简略Spark输出

Spark（和PySpark）的执行可以特别详细，很多INFO日志消息都会打印到屏幕。开发过程中，这些非常恼人，因为可能丢失Python栈跟踪或者print的输出。为了减少Spark输出 – 你可以设置$SPARK_HOME/conf下的log4j。首先，拷贝一份文件,去掉.template扩展名

cp $SPARK_HOME/conf/log4j.properties.template $SPARK_HOME/conf/log4j.properties

编辑新文件，用WARN替换代码中出现的INFO

Ipython notebook

IPython Notebook 是一种新兴的交互式数据分析与记录工具，它定义了一种全新的计算文件格式，其中包含了代码，代码说明以及每一步的计算输出(数值或图片等)，也就是说这一个文件完整记录了计算过程中的所有相关信息。此外，该文件还可以嵌入网络视频，图片，(LaTeX) 公式等众多副文本格式，实为交互计算，记录思维，传播思想的好帮手

3.1matplotlib介绍

matplotlib 是python最著名的绘图库，它提供了一整套和matlab相似的命令API，十分适合交互式地行制图。而且也可以方便地将它作为绘图控件，嵌入GUI应用程序中。 matplotlib实际上是一套面向对象的绘图库，它所绘制的图表中的每个绘图元素，例如线条Line2D、文字Text、刻度等在内存中都有一个对象与之对应。为了方便快速绘图matplotlib通过pyplot模块提供了一套和MATLAB类似的绘图API，将众多绘图对象所构成的复杂结构隐藏在这套API内部。我们只需要调用pyplot模块所提供的函数就可以实现快速绘图以及设置图表的各种细节。pyplot模块虽然用法简单，但不适合在较大的应用程序中使用。

使用环境

我们将matplotlib、numpy、pandas等库安装在虚拟环境bigdata中，所以需要

workon bigdata

此时，输入命令

ipython --matplotlib=qt

启动一个一qt模式打开的matplotlib环境,在ipython notebook中如果导入pyspark，显示没有py4j模块，需要通过命令安装

pip install py4j

API入门

Figure与subplot 一般我们将pyplot设置为缩写plt

from matplotlib import pyplot as plt

matplotlib的图像都位于Figure对象中，你可以使用plt.figure创建一个新的Figure

plt.figure()

在x轴指定随机的50个点，cumsum()函数的作用是将50个随机数变成一个列表，其中k代表黑色，--代表是虚线的意思

from numpy.random import randn
plt.plot(randn(50).cumsum(),'k--')

创建多个subplot

fig,axes = plt.subplots(2,3)

这样生成一个figure中包含了6块区域，可以通过axes[i,j]的方式去对每一个表格进行个性显示

subplot参数：

nrows 行数
ncols 列数
sharex 所有的subplot都应该具有相同的x刻度
sharey 所有的subplot都应该具有相同的y刻度

刻度、标签、图列

比如xlim,xticks和xticklabels的方法，设置(x)绘图范围，刻度位置，设置刻度的标签

fig,ax= plt.subplots(1,1)
ax.plot(randn(1000).cumsum())
ax.set_xticks([0,250,500,750,1000])
ax.set_xticklabels(['1','2','3','4','5'])
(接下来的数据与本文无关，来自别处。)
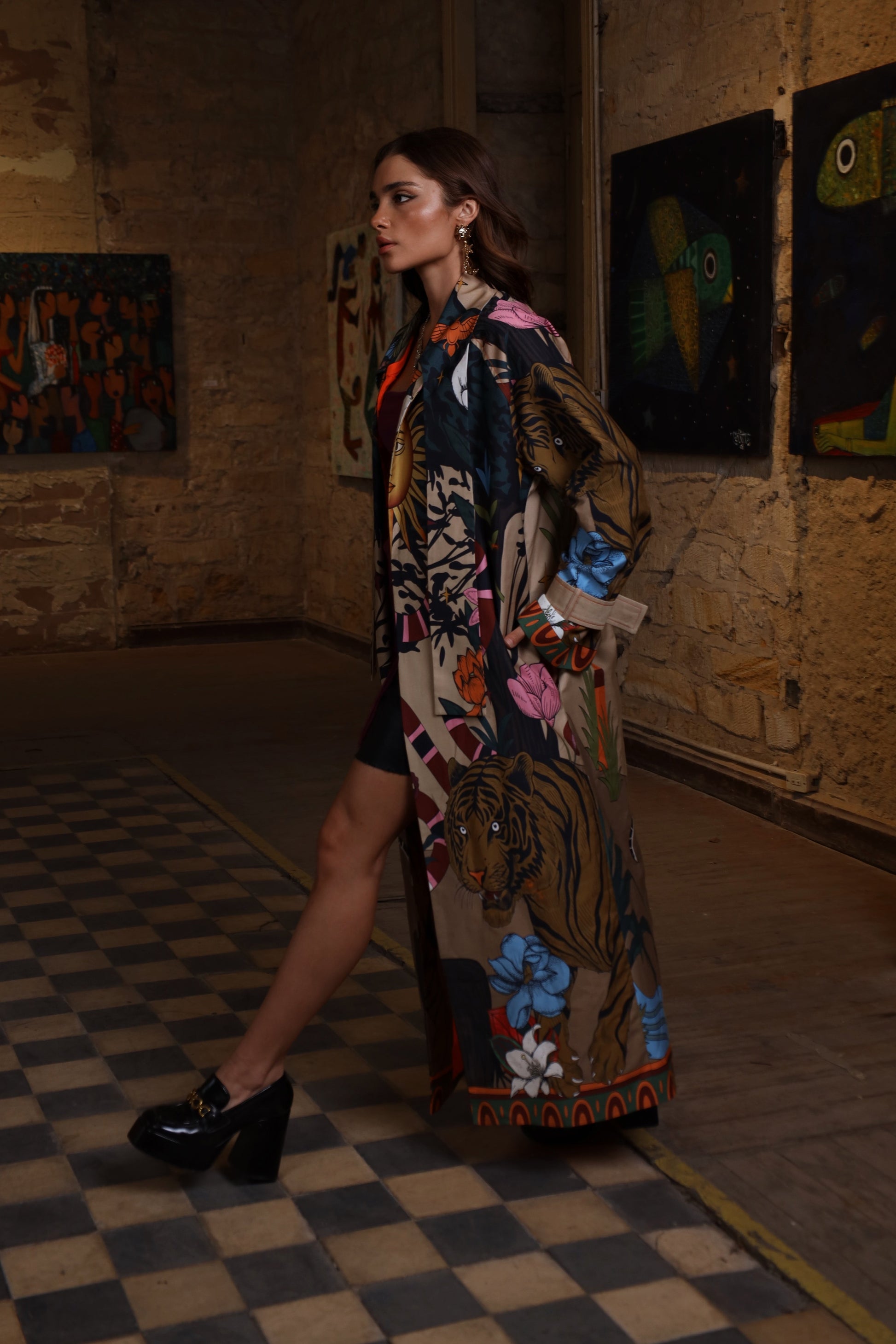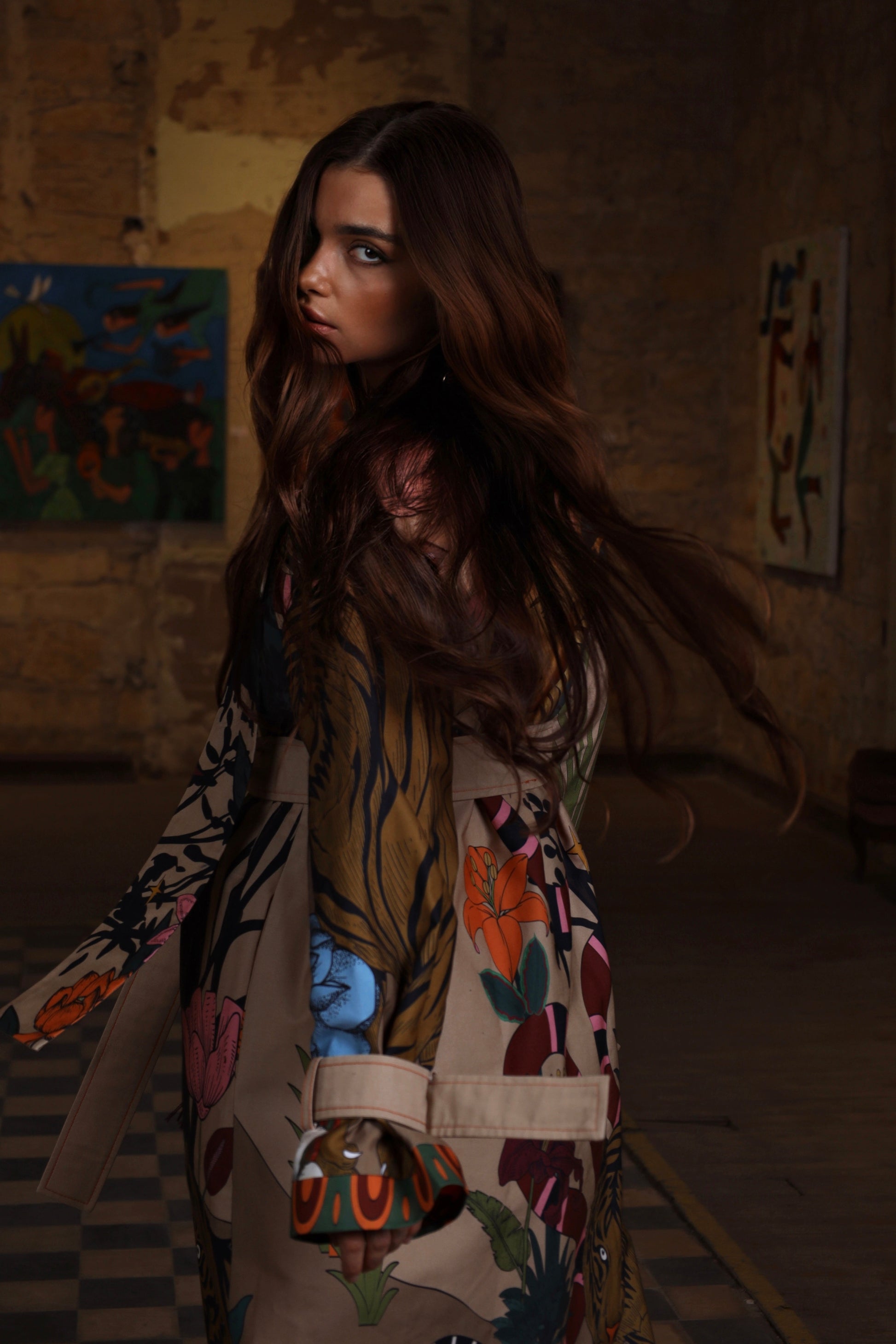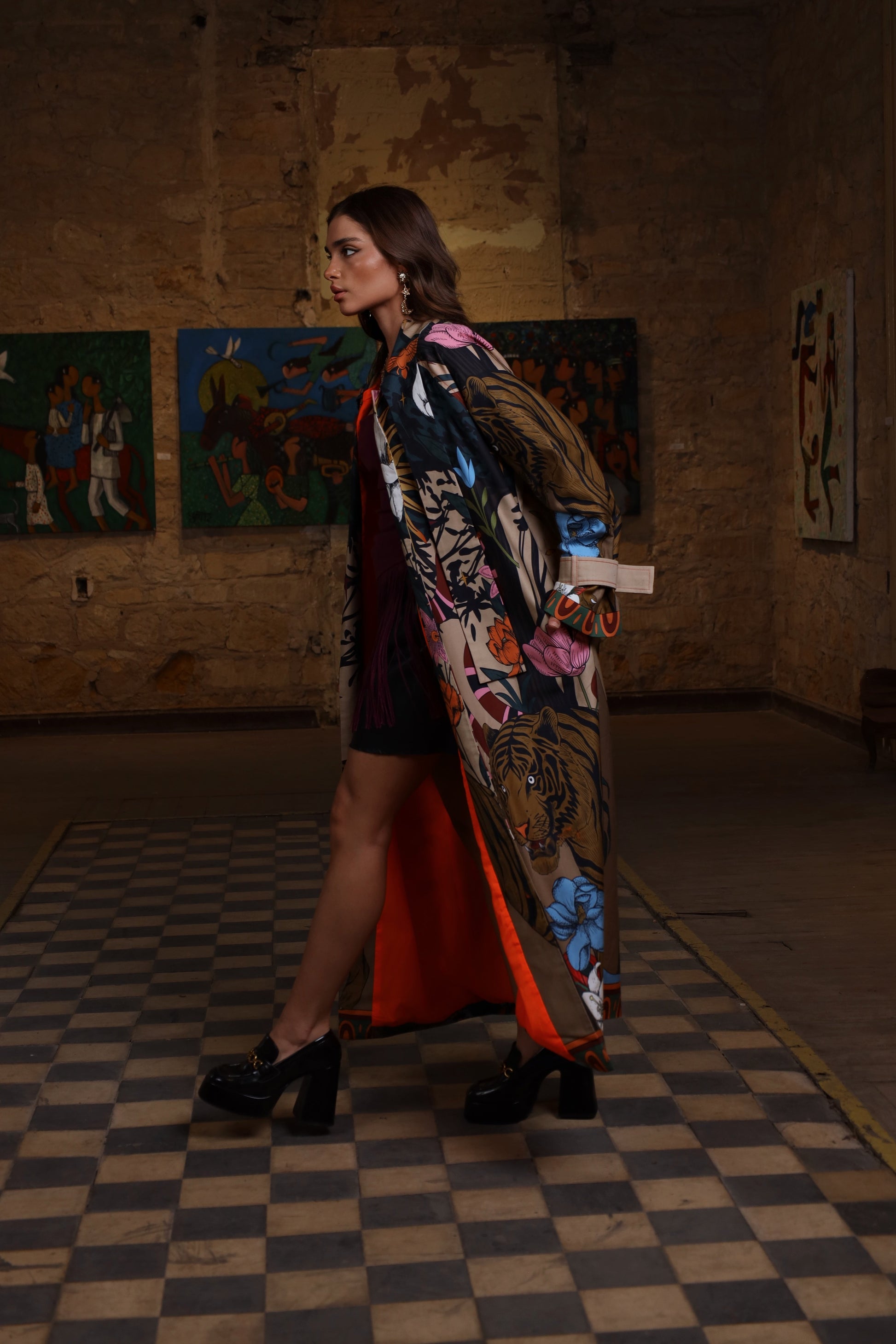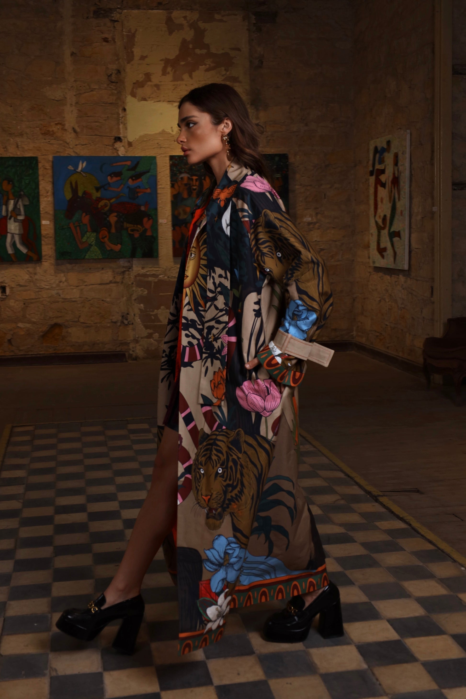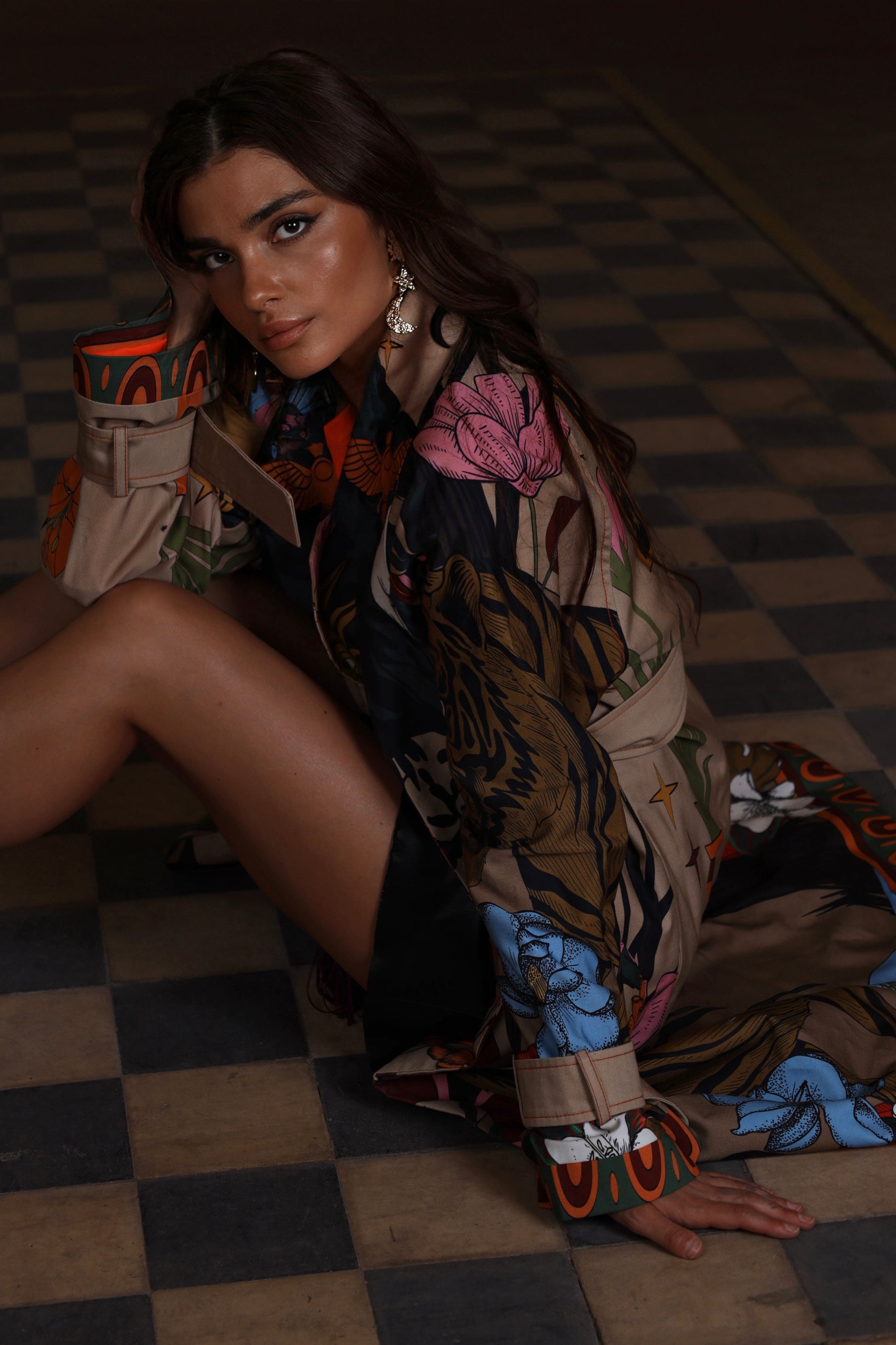 A masterpiece crafted from 100% natural gabardine, this trench coat channels the deep, stabilizing energy of Earth through rich symbolic artwork and refined tailoring. The silhouette is elegant and fluid, featuring classic lapels, adjustable cuffs, and a draped structure that moves with grace. A statement piece that blends ancient heritage with modern luxury — perfect for collectors, art lovers, and those connected to Earth’s grounding energy.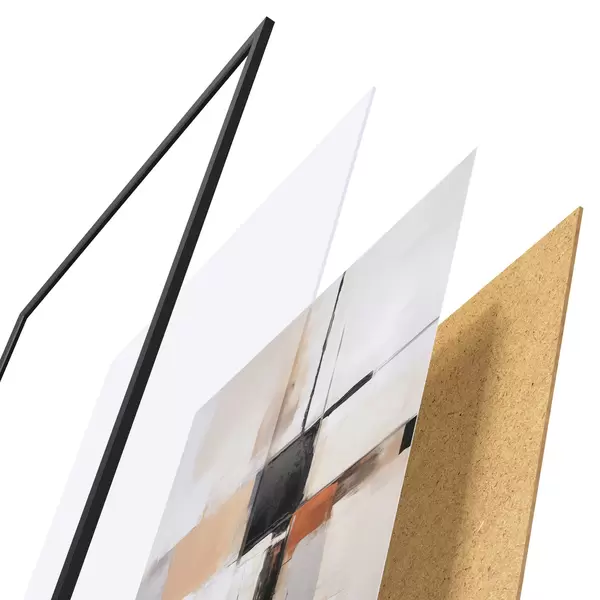 Plakát se skládá z rámu, plexiskla, tištěného obrazu a dřevotřískového podkladu. Díky úchytům na zadní straně lze plakát ihned zavěsit na zeď.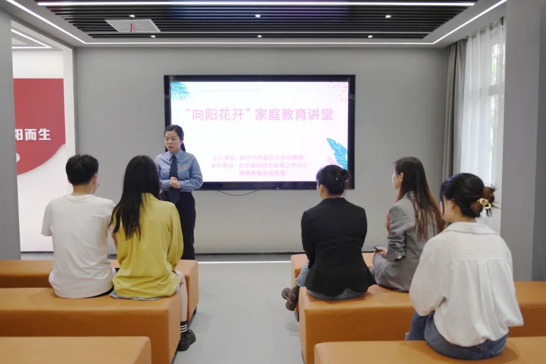 “向阳花开”家庭教育指导讲堂是开福区检察院联合共青团区委探索的由涉罪未成年人及其监护人共同参与的家庭教育指导模式。采取提升未成年人和监护人的法治意识与解决监护人主体意识不强、家庭教育方式不当等问题多管齐下的方式,运用授课讲座、心理咨询、互动交流等多元化手段,帮助涉罪未成年人与监护人修复亲子关系,助力未成年人健康成长。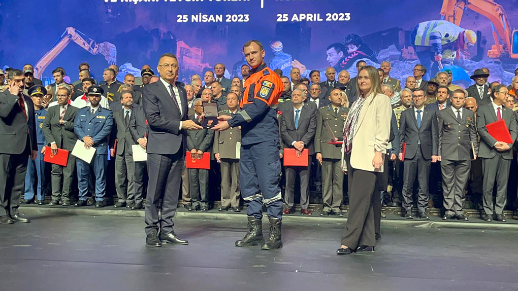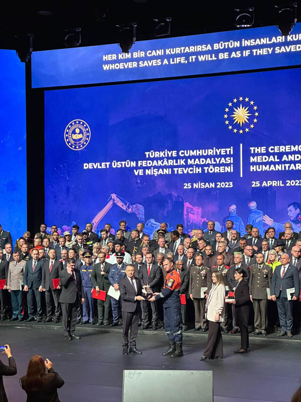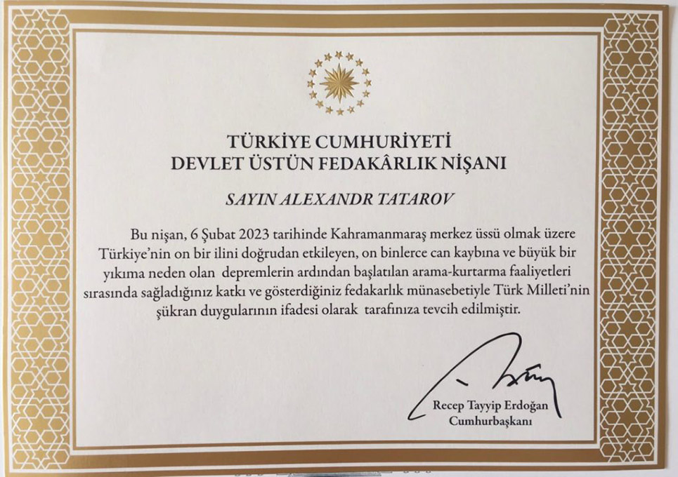 2023-cü yılın Çiçek ayın 25-dä Ankarada saygı gösterdilär hem “T.C. Üstün Fedakârlık medalisi”nän “T.C. Üstün Fedakârlık nışanı” verdilär kurtarıcı insannara, ani bu yıl Küçük ayın (fevral) 6-da Türkiyenin Kahramanmaraş bölgesindä merkezi olan er tepremesinin ardına, burayı gelip, aarama-kurtarma işlerindä pay aldılar.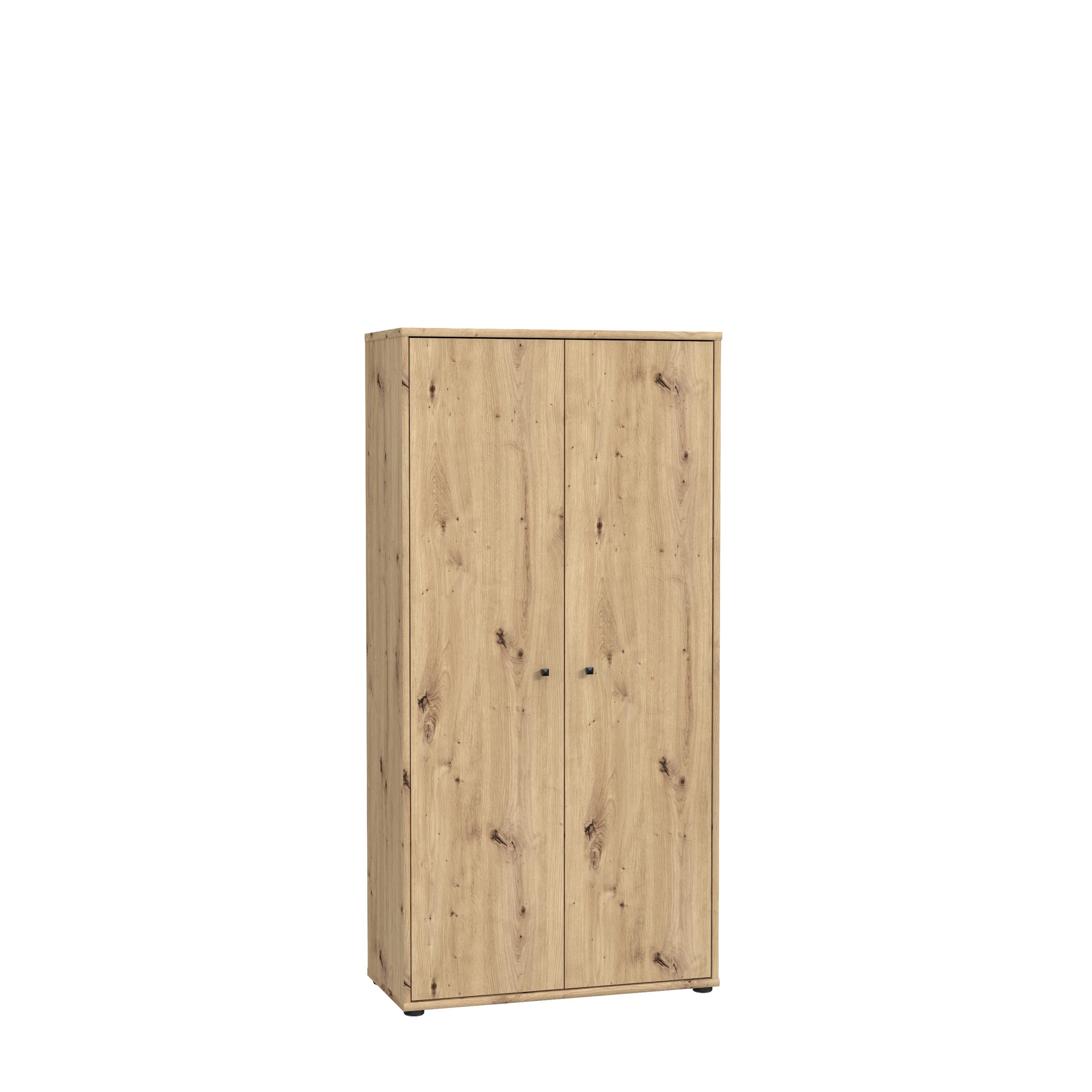 Optisch überzeugt „Tembi I“ mit einer hochwertigen Artisan Eiche Nachbildung, deren Maserung täuschend echt wirkt und dem Möbelstück eine warme, wohnliche Note verleiht. Die schwarzen Kunststoffgriffe bilden einen stimmigen Kontrast und unterstreichen das moderne Erscheinungsbild. Gefertigt aus Spanplatte ist der Schrank leicht zu handhaben, zugleich aber robust und widerstandsfähig gegenüber alltäglicher Nutzung.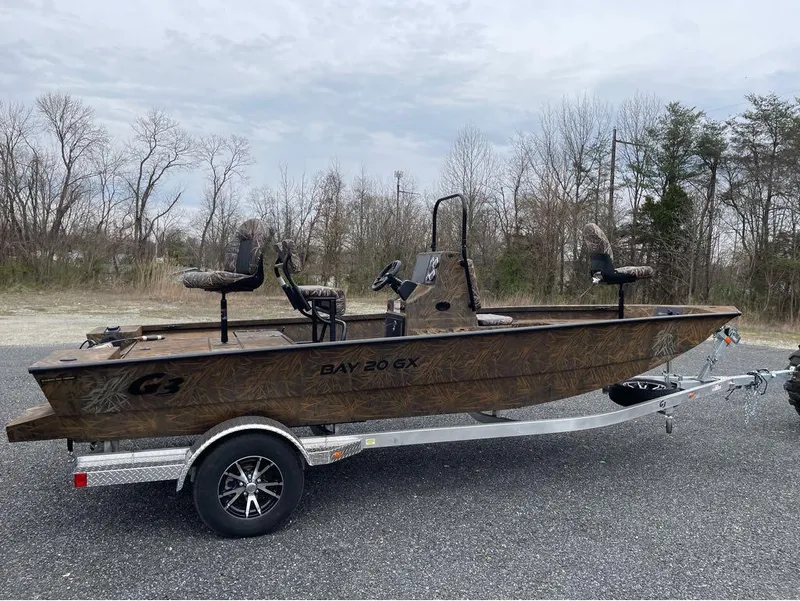 2024 G3 Bay 20 GX. Shadow Grass Camo. Yamaha VF115 or VF150. Pre-wire for Trolling Motor. Nav Lights. Interior Light. Livewell. Bilge Pump. Built in Fuel Tank. Buoyancy Pods. Aluminum Trailer w/Spare.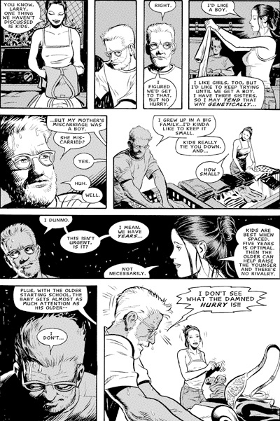 Speechwriter Ron Lithgow returns as Concrete, the title character in one of the most critically acclaimed creator-owned stories in comics history. Trapped in an alien's rock-hard body, Lithgow is an accidental celebrity whose high profile is being courted by a front-page CEO. Though Concrete believes overpopulation to be an important issue, does he want to become the spokesperson for a controversial new population control program? Just when Lithgow thinks that he has an answer, the CEO appears with an offer that he can't refuse. Meanwhile, new fiancé Larry Munro unhappily stumbles over the first downside to engaged bliss. Toss a deadly freeway shooting into the mix, and you've got the makings of Paul Chadwick's most mature Concrete miniseries yet.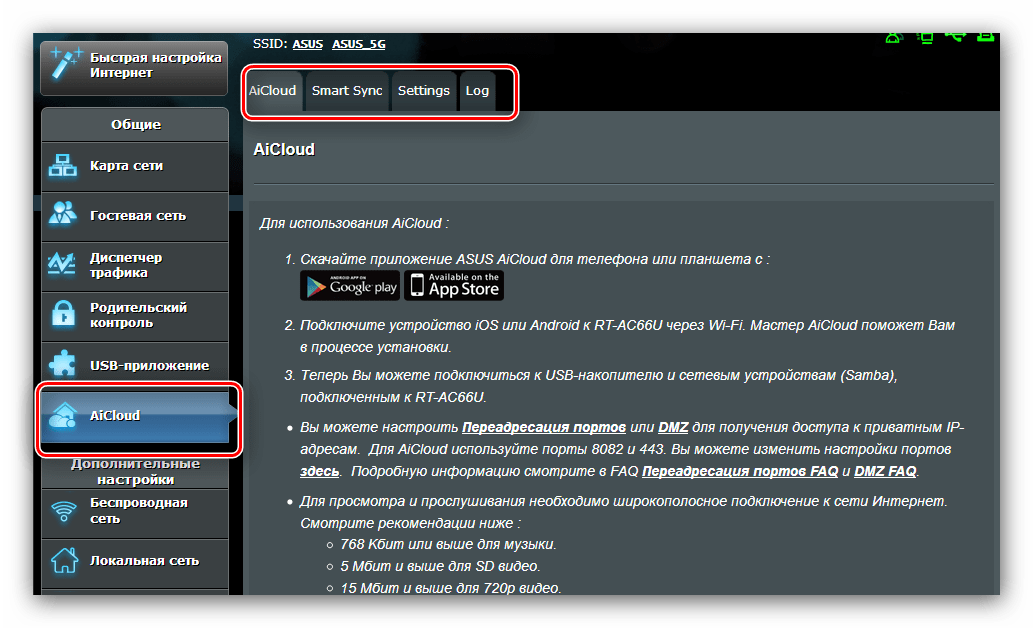 Компания ASUS также предлагает своим пользователям довольно продвинутые облачные технологии, названные как AiCloud. Под эту опцию выделен целый раздел главного меню конфигуратора.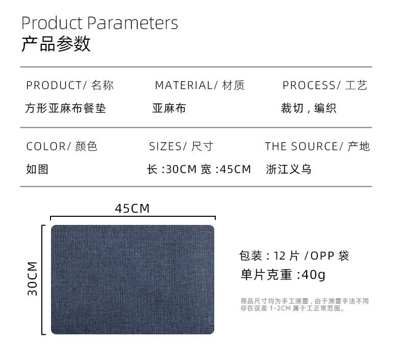 Tapete de lino de PVC para café, tapete aislante para mesa de comedor, tapete para comida, tapete para plato de color sólido, posavasos, tapete para comida occidental

还可以为x轴设置一个名称，并用set_title设置一个标题

ax.set_title('python')
ax.set_xlabel('num')

添加图例

使用legend()函数

fig,ax= plt.subplots(1,1)
ax.plot(randn(1000).cumsum(),'k',label='python')
ax.plot(randn(1000).cumsum(),'k--',label='c')
ax.plot(randn(1000).cumsum(),'k.',label='c++')
ax.legend(loc='best')

在subplot上注释

使用annotate()函数

ax.annotate(label,xy=(x,y),arrowprops=dict(facecolor='black',shrink=0.05))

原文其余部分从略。